§ How to complete this task
Within the listing below, give again exactly the lines between the one containing "ルーマニアの国旗イラストフリー素材無料フリーイラスト素材集 Frame illust。" and the one containing "1、及脚踝的半身裙+上衣,注", inclusive, pictures left aside.

##### Records for processing #####

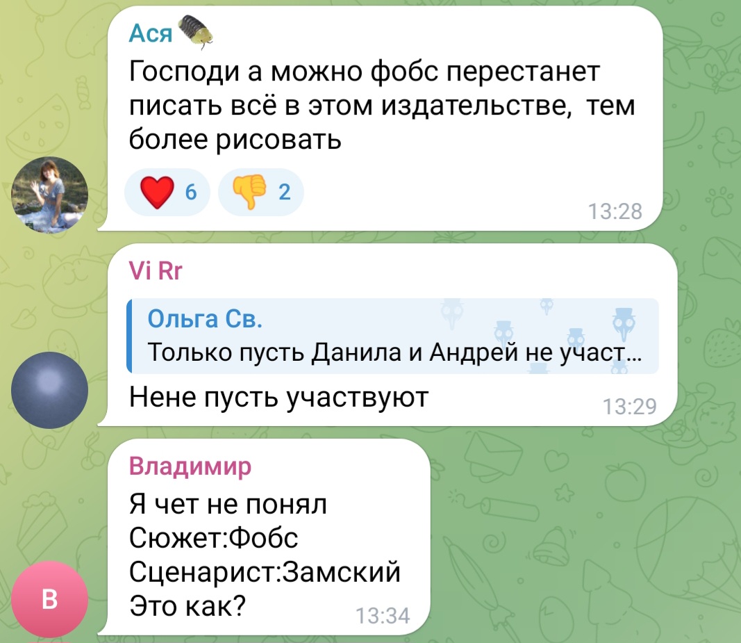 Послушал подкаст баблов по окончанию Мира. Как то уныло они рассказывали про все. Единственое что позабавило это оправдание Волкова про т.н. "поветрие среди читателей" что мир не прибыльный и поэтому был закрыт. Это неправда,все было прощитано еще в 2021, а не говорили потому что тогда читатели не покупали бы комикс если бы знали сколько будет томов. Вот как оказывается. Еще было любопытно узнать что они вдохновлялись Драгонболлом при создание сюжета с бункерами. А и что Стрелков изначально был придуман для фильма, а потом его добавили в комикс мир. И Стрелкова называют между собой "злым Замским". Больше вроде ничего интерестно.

#####
##### Records for processing #####

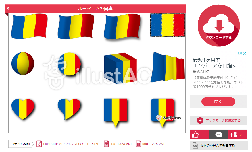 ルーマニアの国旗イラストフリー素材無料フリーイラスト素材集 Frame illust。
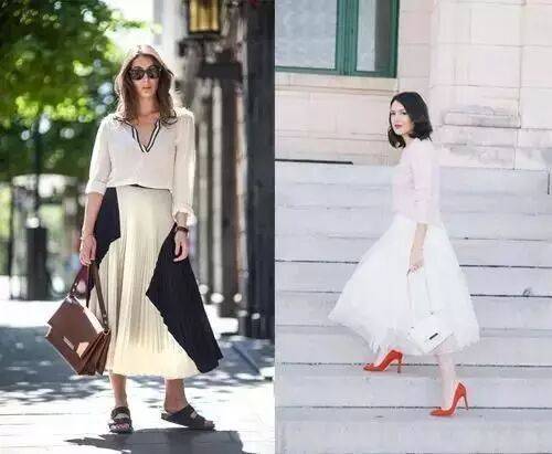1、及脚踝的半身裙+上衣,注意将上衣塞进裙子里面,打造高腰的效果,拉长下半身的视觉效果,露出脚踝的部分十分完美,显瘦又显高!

#####
##### Records for processing #####

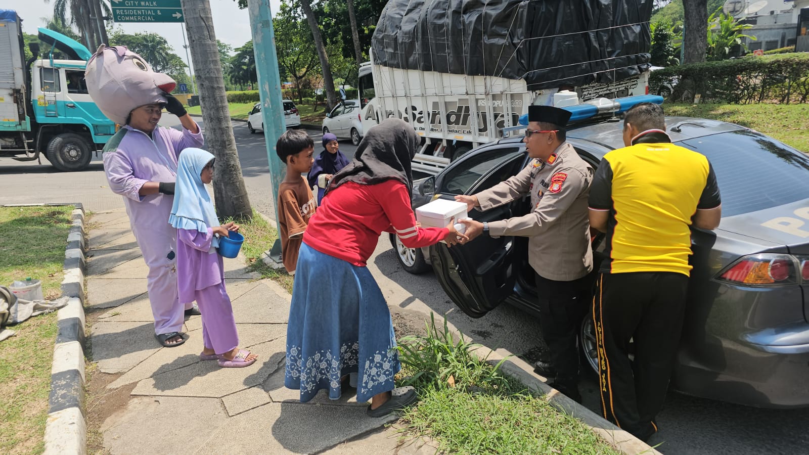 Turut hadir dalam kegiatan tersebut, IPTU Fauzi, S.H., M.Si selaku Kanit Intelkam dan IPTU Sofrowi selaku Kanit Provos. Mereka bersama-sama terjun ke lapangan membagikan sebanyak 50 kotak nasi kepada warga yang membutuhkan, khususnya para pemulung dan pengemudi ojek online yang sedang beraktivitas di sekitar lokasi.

#####

§ Solution for this problem
 ルーマニアの国旗イラストフリー素材無料フリーイラスト素材集 Frame illust。
1、及脚踝的半身裙+上衣,注意将上衣塞进裙子里面,打造高腰的效果,拉长下半身的视觉效果,露出脚踝的部分十分完美,显瘦又显高!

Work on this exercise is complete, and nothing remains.